そろそろわが書斎のガラス戸の拭き掃除をしようかと、3月以降頻発した余震の際その度飛び出したベランダに立てば、秋の青空である。桶谷秀昭氏のかつて新聞に掲載されたエッセイ「蒼天」の一文を思い起こした。昔創刊号から定期購読していた、故村上一郎氏とともに(のちに村上氏単独)主宰の『無名鬼』で桶谷氏の文章に接して、厳冬の風にあたるような緊張と愉悦を感じた記憶がある。
……男の平均寿命が七十六歳から七十八歳に延びたといった社会統計は、人の人生観を左右する力はない。むかしの人が信じた人生五十年をもって天命とする考え方のほうが正しいのである。還暦を過ぎ古希を過ぎて、平均寿命にまだ達していないから若いなどと思うのは妄想にすぎない。
死とは何か。死を問題として考えることを私はすでに捨てている。
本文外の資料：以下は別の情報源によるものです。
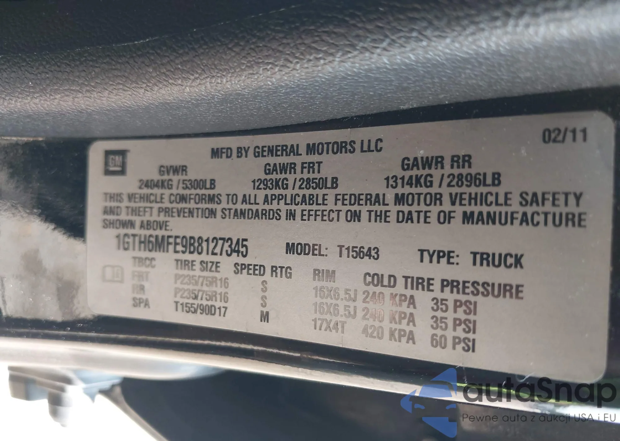 LOT: 42376770 VIN: 1GTH6MFE9B8127345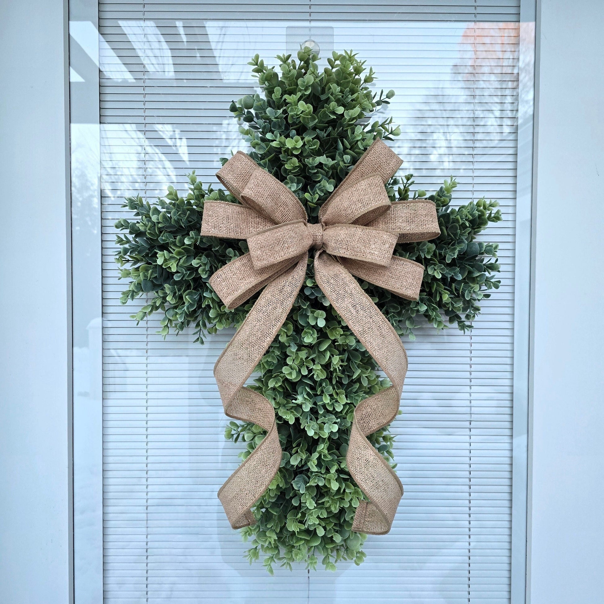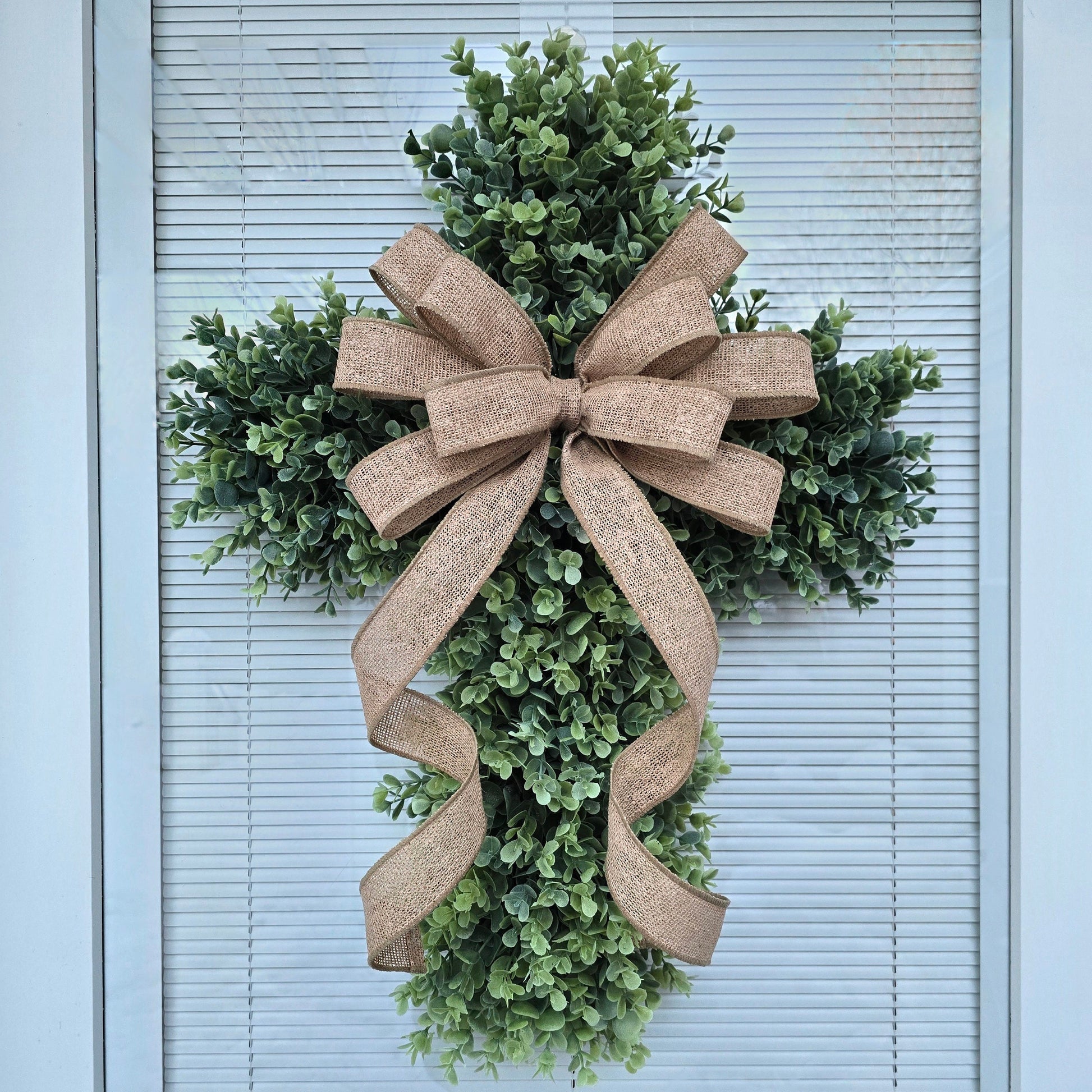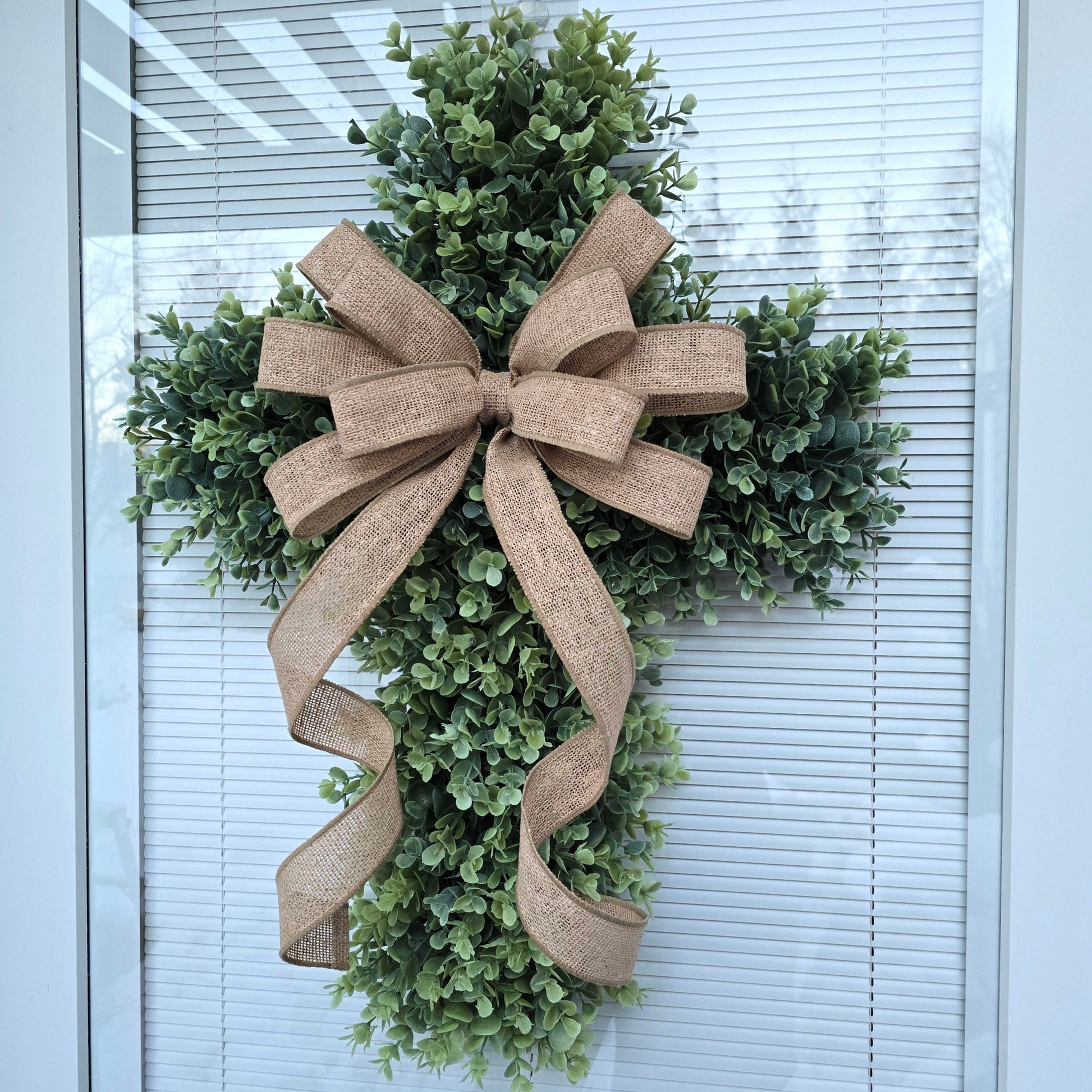 - This beautiful, large, and very full cross wreath is crafted with high-quality artificial eucalyptus, featuring a wired ribbon bow placed in the center.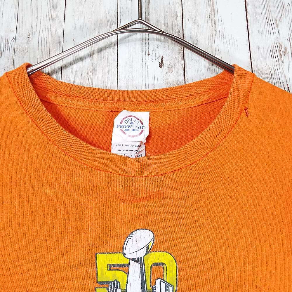 【スーパーボール50回記念】10s DELTA PRO WEIGHT NFL SUPER BOWL 50(2016年)DENVER BRONCOS フットボール サイズS(肩幅 41cm)オレンジ【湘南倉庫】2010年代 USメンズ古着 ダメージ 17002554

明治四十三年八月の漱石は大患のさなかに「三十分の死」を体験した。この三十分が百年だったとすると、よみがえった人間にとって、いまの意識は百年前の死の直前の意識に連続している。世の中が、世界が百年のあいだにどう変ろうと、秋の沁み入るような蒼天は変らずにある。(「日本経済新聞」2003年11/3)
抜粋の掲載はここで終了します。